Go The Girl Power!

A cause extremely close to my heart, I feel it is only natural that I partake in ‘spreading the word’.  So here I am offering forward what I truly believe is a great cause towards a different better way of thinking for our women of tomorrow.
I recently saw this film ‘Miss Representation’ on the Oprah Winfrey Network back in October.  The film has also been seen at the Sundance Film Festival and due to the films exposure it is my belief the website has established a life of its own.  Once you have had a chance to either click on the website or watch the movie trailer (for an insight into what the director Jennifer Siebel Newsom is attempting to achieve) please consider taking the pledge, I did. 

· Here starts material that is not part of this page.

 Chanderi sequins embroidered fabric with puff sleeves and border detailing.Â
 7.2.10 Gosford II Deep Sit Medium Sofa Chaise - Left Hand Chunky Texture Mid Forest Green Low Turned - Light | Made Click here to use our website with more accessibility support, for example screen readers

I truly believe it is important that our women of tomorrow start with a strong foundation from today.  I believe achieving that strong core will come from educating our girls that their strength lies within, not from the pages of a glossy magazine or what society may be portraying as ‘hot’ this month.  We need to reteach ourselves that girls do have the capability, capacity and intellect to achieve their dreams without the obstacles placed before them from media and society. 

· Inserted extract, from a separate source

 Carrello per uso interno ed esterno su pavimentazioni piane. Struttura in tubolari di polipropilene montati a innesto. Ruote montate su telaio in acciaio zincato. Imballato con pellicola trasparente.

This website is more than this film; it’s starting the conversation, so won’t you please join in?!
All the information below is taken from the website www.missrepresentation.org
About the film

A new way of thinking!

Like drawing back a curtain to let bright light stream in, Miss Representation (90 min; TV-14 DL) uncovers a glaring reality we live with every day but fail to see. Written and directed by Jennifer Siebel Newsom, the film exposes how mainstream media contribute to the under-representation of women in positions of power and influence in America. The film challenges the media’s limited and often disparaging portrayals of women and girls, which make it difficult for women to achieve leadership positions and for the average woman to feel powerful herself.

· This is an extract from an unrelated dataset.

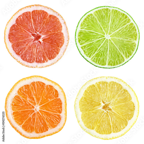 Fototapeta premium Slices of grapefruit, lime, lemon, orange isolated on white with clipping path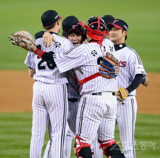 17일 서울 잠실야구장에서 ‘2016 타이어뱅크 KBO 리그’ 준플레이오프 4차전 넥센히어로즈와 LG트윈스 경기가 열렸다. 5-4 역전승을 거두며 플레이오프 진출을 확정지은 LG 오지환이 선수들과 기뻐하고 있다.

In a society where media is the most persuasive force shaping cultural norms, the collective message that our young women and men overwhelmingly receive is that a woman’s value and power lie in her youth, beauty, and sexuality, and not in her capacity as a leader. While women have made great strides in leadership over the past few decades, the United States is still 90th in the world for women in national legislatures, women hold only 3% of clout positions in mainstream media, and 65% of women and girls have disordered eating behaviours.
Stories from teenage girls and provocative interviews with politicians, journalists, entertainers, activists and academics, like Condoleezza Rice, Nancy Pelosi, Katie Couric, Rachel Maddow, Margaret Cho, Rosario Dawson and Gloria Steinem build momentum as Miss Representation accumulates startling facts and statistics that will leave the audience shaken and armed with a new perspective.